PROBLEM DETAILS -
Using the listing below, set down exactly the lines from the one that contains "Read moreSwimmers from" through the one that contains "Στο πλαίσιο της", with no pictures.

RECORD SET -

┄┄┄┄┄┄┄┄┄┄┄┄┄┄┄┄┄┄┄┄

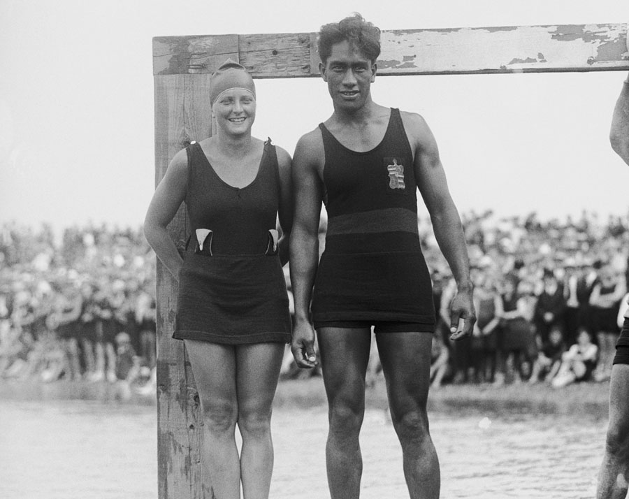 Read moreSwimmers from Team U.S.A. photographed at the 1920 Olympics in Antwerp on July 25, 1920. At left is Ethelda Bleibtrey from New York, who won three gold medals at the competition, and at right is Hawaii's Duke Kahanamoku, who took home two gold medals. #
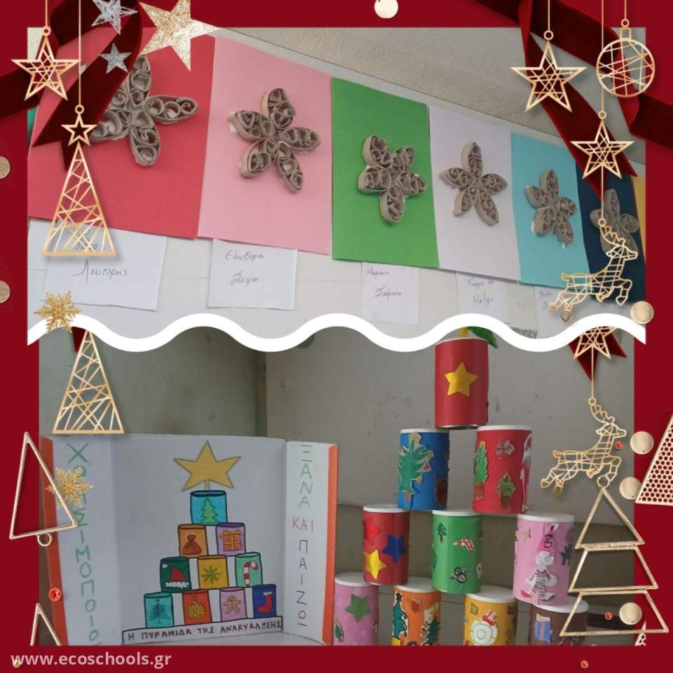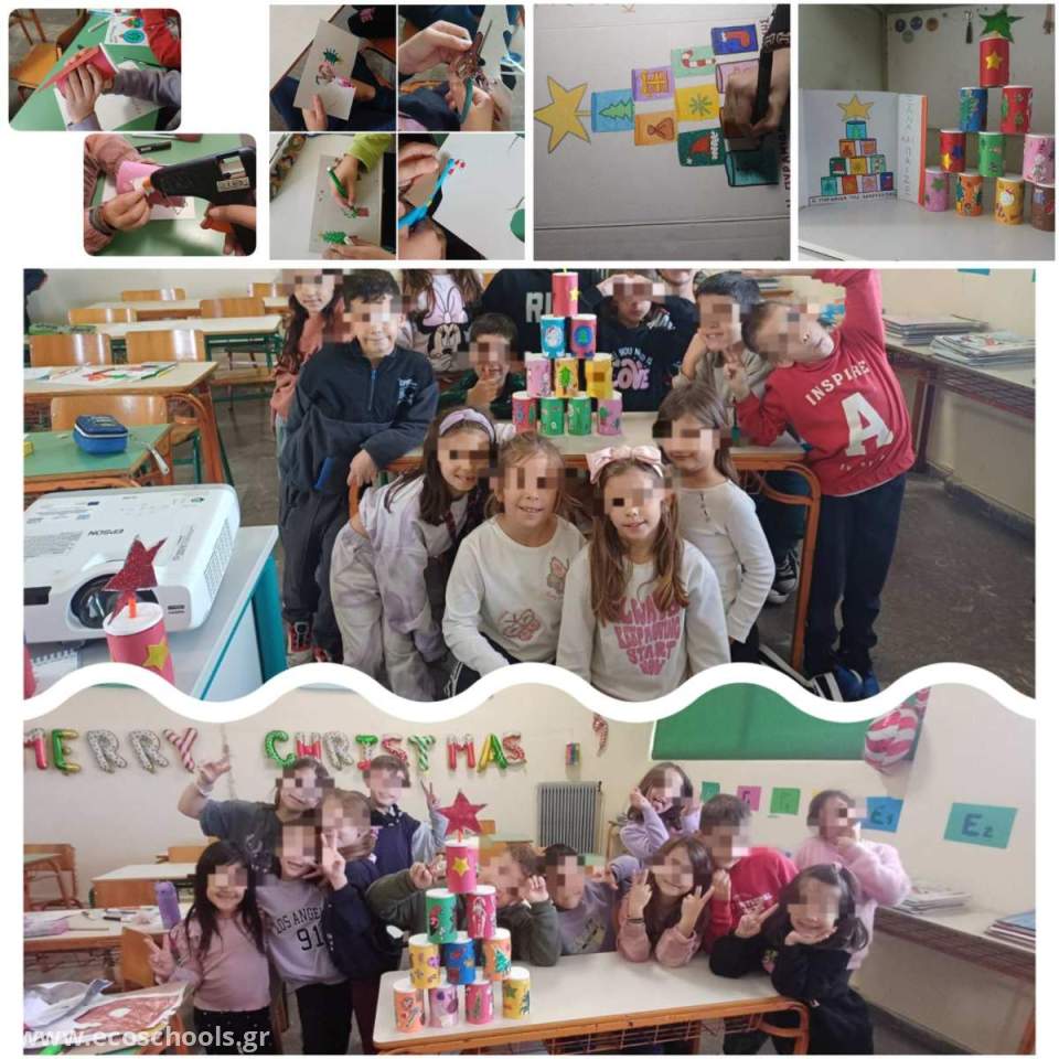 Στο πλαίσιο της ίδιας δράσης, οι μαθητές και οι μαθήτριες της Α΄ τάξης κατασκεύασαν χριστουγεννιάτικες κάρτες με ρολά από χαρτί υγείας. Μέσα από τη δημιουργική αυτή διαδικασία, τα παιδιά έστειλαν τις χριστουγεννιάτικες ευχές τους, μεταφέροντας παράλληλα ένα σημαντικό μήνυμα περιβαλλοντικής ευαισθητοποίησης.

┄┄┄┄┄┄┄┄┄┄┄┄┄┄┄┄┄┄┄┄

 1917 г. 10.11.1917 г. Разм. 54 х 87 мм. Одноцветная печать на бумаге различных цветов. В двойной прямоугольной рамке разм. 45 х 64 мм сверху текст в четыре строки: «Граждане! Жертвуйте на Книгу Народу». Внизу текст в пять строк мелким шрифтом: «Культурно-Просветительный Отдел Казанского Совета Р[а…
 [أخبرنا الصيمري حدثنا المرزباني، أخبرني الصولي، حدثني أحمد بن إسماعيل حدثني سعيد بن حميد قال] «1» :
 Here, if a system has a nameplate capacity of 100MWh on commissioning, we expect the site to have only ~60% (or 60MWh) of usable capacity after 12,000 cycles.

┄┄┄┄┄┄┄┄┄┄┄┄┄┄┄┄┄┄┄┄

RESPONSE -
 Read moreSwimmers from Team U.S.A. photographed at the 1920 Olympics in Antwerp on July 25, 1920. At left is Ethelda Bleibtrey from New York, who won three gold medals at the competition, and at right is Hawaii's Duke Kahanamoku, who took home two gold medals. #
 Στο πλαίσιο της ίδιας δράσης, οι μαθητές και οι μαθήτριες της Α΄ τάξης κατασκεύασαν χριστουγεννιάτικες κάρτες με ρολά από χαρτί υγείας. Μέσα από τη δημιουργική αυτή διαδικασία, τα παιδιά έστειλαν τις χριστουγεννιάτικες ευχές τους, μεταφέροντας παράλληλα ένα σημαντικό μήνυμα περιβαλλοντικής ευαισθητοποίησης.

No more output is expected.